Pickleball hand signals look excessive until your partner runs the wrong direction after a return.
Then the point gets ugly fast.
The returner is sprinting toward the kitchen. The net player is sliding across the court. The third shot is already coming back. If both players read the plan differently, the open court is huge.
Want a quick answer? Pickleball hand signals are silent cues used by the non-returning partner before the return of serve in doubles. Most teams use an open hand for switch, a closed fist for stay, and a pre-agreed fake signal such as a talking hand or 2 fingers. Agree on the meanings before the game, signal every return point, and acknowledge the signal before the serve comes in.

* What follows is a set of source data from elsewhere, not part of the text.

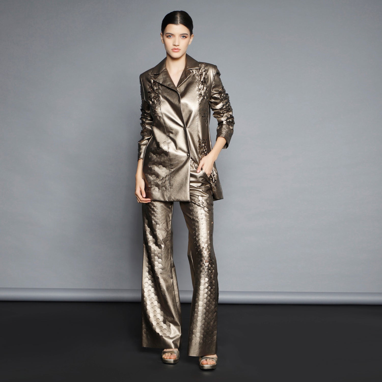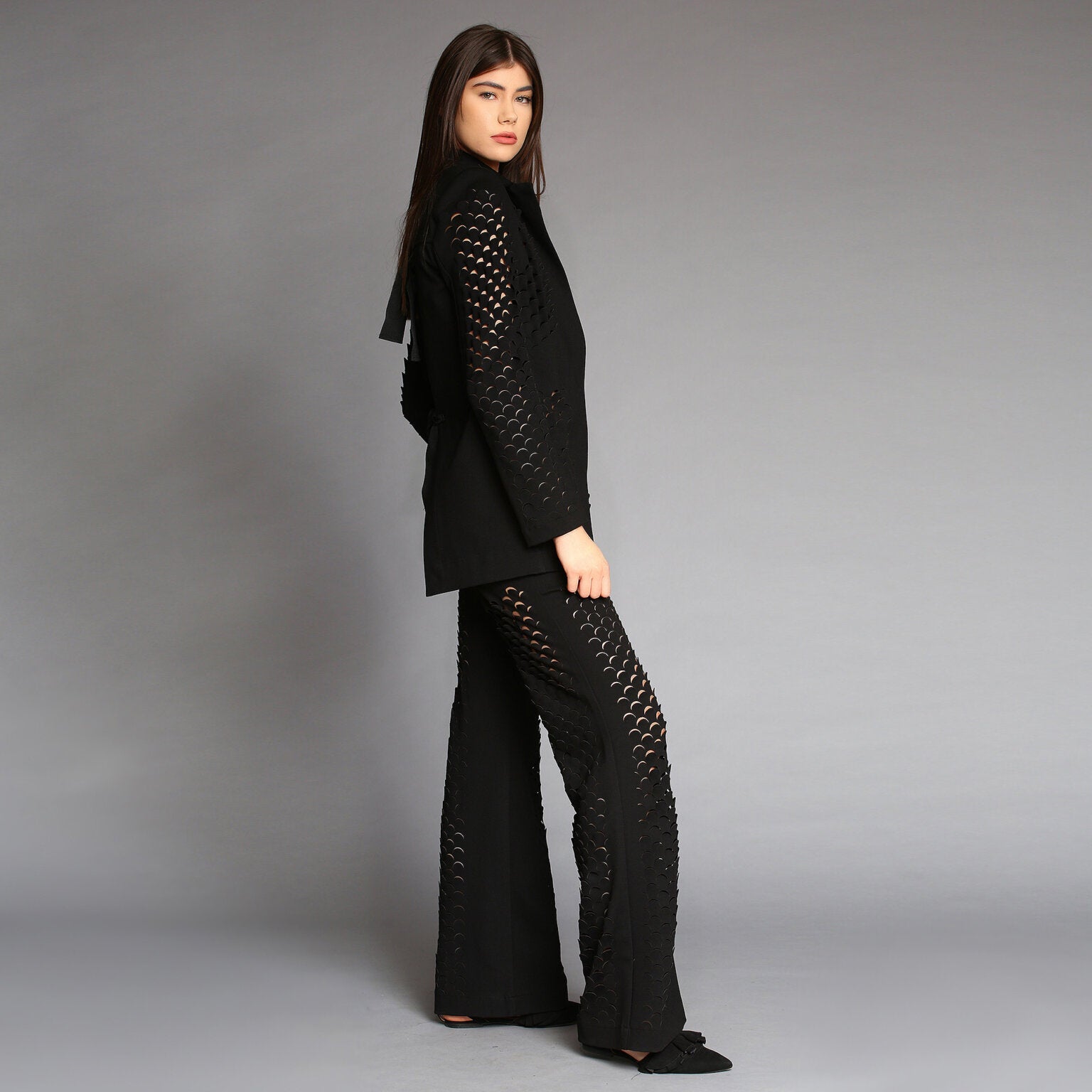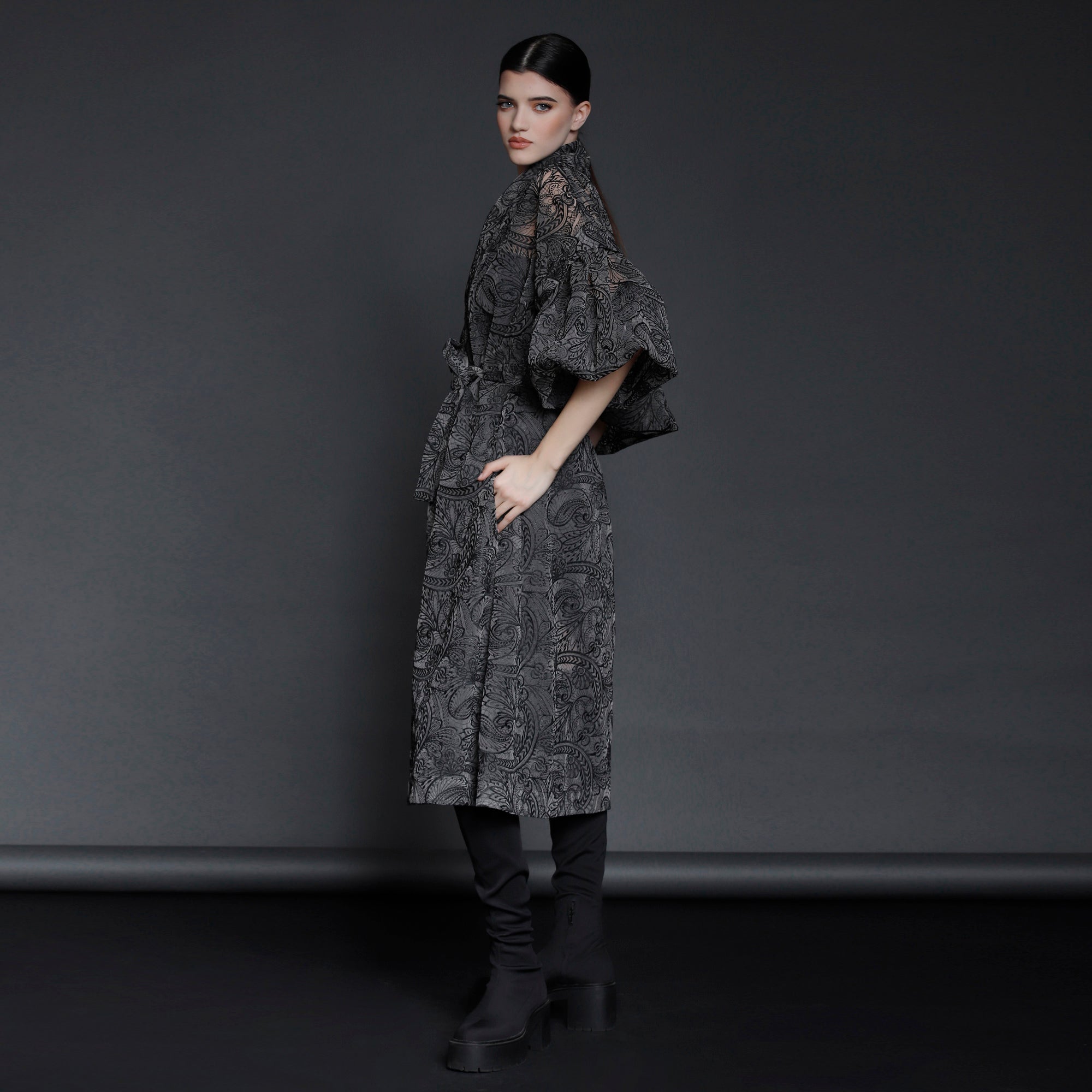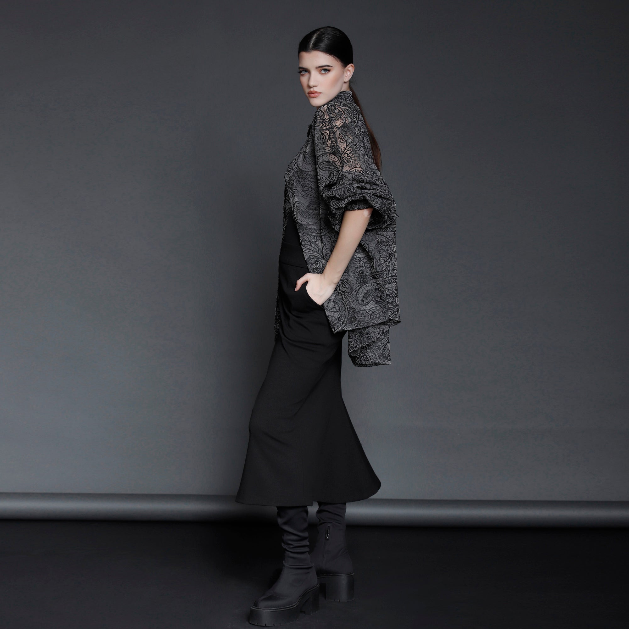 No stock is kept and no fabric is wasted. A highly skilled team ensures exceptional quality and fit. Designs from Iconic pieces or previous collections can be made to order with custom fabric options from the current selection.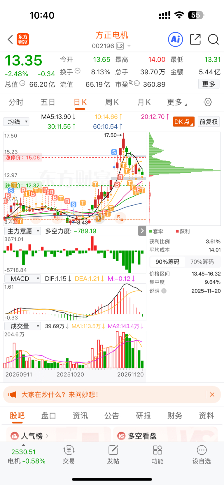 $方正电机(SZ002196)$ 底部筹码彻底跑光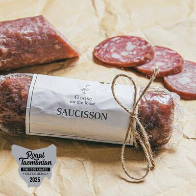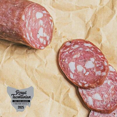 Delight in the rich, traditional flavours of our French style pork salami saucisson. Made from the finest cuts of pork, this saucisson is expertly seasoned with a blend of herbs and spices, then naturally cured to perfection. Each slice offers a robust, sweet taste with a satisfying texture that is both tender and slightly firm. The careful curing process enhances the depth of flavour, making it an ideal choice for charcuterie boards, gourmet sandwiches, or as a delectable snack on its own. Whether you’re entertaining guests or enjoying a quiet moment of indulgence, our pork salami saucisson brings a touch of artisanal craftsmanship to your table.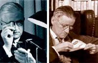 in great part, albeit a bizarre part, to angling literature. I got started on the Wake accidentally four years ago while engaged on my own work in progress, Flagrante Delicto Fly-Fishing. I was doing research on Preston Jennings, the first American author to codify the aquatic insects that trout eat so that anglers could imitate them with artificial flies. Jennings published A Book of Trout Flies in 1935, four years before the Wake, and in the course of my research I chanced to run across the photograph reproduced here. It seemed similar to another photograph I'd seen before. I searched my mind, and then I remembered that it was the one of Joyce. The resemblance between the two is extraordinary, down to the optical objects in the right hand. Recalling that Vladimir Nabokov, whom I once accompanied on a butterfly chase in Arizona, maintained that Salvador Dali was Norman Rockwell's twin brother, who had been kidnapped by Gypsies, I decided to write a facetious article stating that Joyce and Jennings had been separated at birth. I thought that just two or three fishing references in the Wake would suffice for a short comic piece. Instead, I discovered so many that I could fill a book. A brief sample follows. For the Wake, Joyce coined words, took words from 62 languages and dialects and inserted words within words, with every word ''bound over to carry three score and ten toptypsical readings.'' He advised the reader to ''wipe your glosses with what you know.'' Influential Joyceans claim that Shakespeare is the major theme, ''the rock mass in which metal, fossils, gems are enclosed or embedded,'' to quote the scholar Adaline Glasheen. They base this on the number of allusions to Shakespeare and his works, 300 all told in 628 pages, an average of 0.48 for every page. Indeed, in The Western Canon, Harold Bloom proclaims that Shakespeare ''has always guided my reading of the Wake.'' Really? By my count, the number of allusions to fish and their watery world comes to at least 2,200, an average of 3.5 per page. From the very first word, ''riverrun,'' the Wake is awash in fishy phrases, such as ''Songster, angler, choreographer!,'' ''compleat anglers,'' ''And if you're not your bloater's kipper . . . you're rod, hook and sinker,'' ''Holy eel and Sainted Salmon, chucking chub and ducking dace,'' ''one man's fish and a dozen men's poissons,'' ''catching trophies of the king's royal college of sturgeone by the armful for to bake pike,'' ''Flies do your float'' and ''My herrings!'' The wordplay on the initials of the major male character, H. C. Earwicker, sometimes has a fishy connotation, as in ''Human Conger Eel,'' ''erst crafty hakemouth'' and ''Ear canny hare'' (the hare's ear is a trout fly). His wife, Anna Livia Plurabelle, personifies the River Liffey, which flows from the Wicklow Mountains to the Irish Sea and whose delta smells of fish, while son Shem has a ''trio of barbels'' on his chin, ''a salmonkelt's thinskin'' and ''eelsblood in his cold toes.'' Here and there, Joyce checks to see if the reader has caught on to his angling game. Page 16: ''You spigotty anglease?'' In other words, ''You speak angling?'' Page 485: ''Are we speachin d'anglas landadge?'' Page 532: ''Angleslachsen is spoken by Sall,'' which means, to me, ''Angling language is spoken by all.'' Added touch: ''lachsen'' also stands for salmon, because Lachs is the German for that fish. There are 100 references to salmonid fish and aspects of their life history, e.g., Atlantic, coho and chinook salmon; rainbow, brown, lake and sea trout; spawn, milt, redd, alevin, fry, parr, smolt, troterella (the Italian for little trout), grilse, gillaroo (an Irish trout with stomach muscles that can crush the shells of mollusks) and sockdolager (angling slang for a huge trout). The word ''fish'' occurs 85 times alone or in combination, as in ''fishy fable,'' which could be another title for the Wake. References to other fish, often multiple in number, include ide, orfe and oarfish (both in ''orfishfellows''), argentine, scup, sennet, sergeant major, shiner, rudd, cod, bullhead, blowfish, mackerel, spearing, sprat, stickleback, stargazer, halibut, perch, chub, grenadier, squawfish, tang, tarpon, fluke, flounder, lampern and slippery dick. ''Speckled trousers'' stands for

This guide explains what each signal means, where to aim your return, how signals connect to stacking, and how to recover when the system breaks down.
Why hand signals exist in doubles pickleball
The return of serve is where doubles teams lose their shape. One player hits the return and runs forward. The other player slides, holds, or hesitates. Both players hesitate over who is covering which side.
Hand signals make the decision before the ball moves.
The player already near the kitchen line has the cleaner view of the court. They can see the server, the returner, the matchup, and the side their team wants after the return. The hidden signal gives the returner that plan without telling the opponents.
Research on nonverbal behavior in team sports helps explain why silent cues matter when distance, court noise, and timing make verbal calls unreliable. The source is soccer, so the transfer to pickleball should stay modest: silent cues help teams coordinate when speech is slow or hard to hear.
This matters most when your team is stacking in pickleball, because stacking depends on choosing sides on purpose. Signals also help non-stacking teams. A simple stay signal can prevent two players from drifting toward the same ball.
When pickleball hand signals are used
Use these signals before the return of serve in doubles. The non-returning partner gives the signal from the kitchen line while the returner is near the baseline.
That timing matters. The returner needs to know where to go after contact. A late signal is almost useless because the returner is already reading the serve and preparing the swing.
Signals also belong on the receiving side. The serving team can use its own planned calls, but the classic behind-the-back switch/stay/fake system is built around the return team deciding its post-return formation.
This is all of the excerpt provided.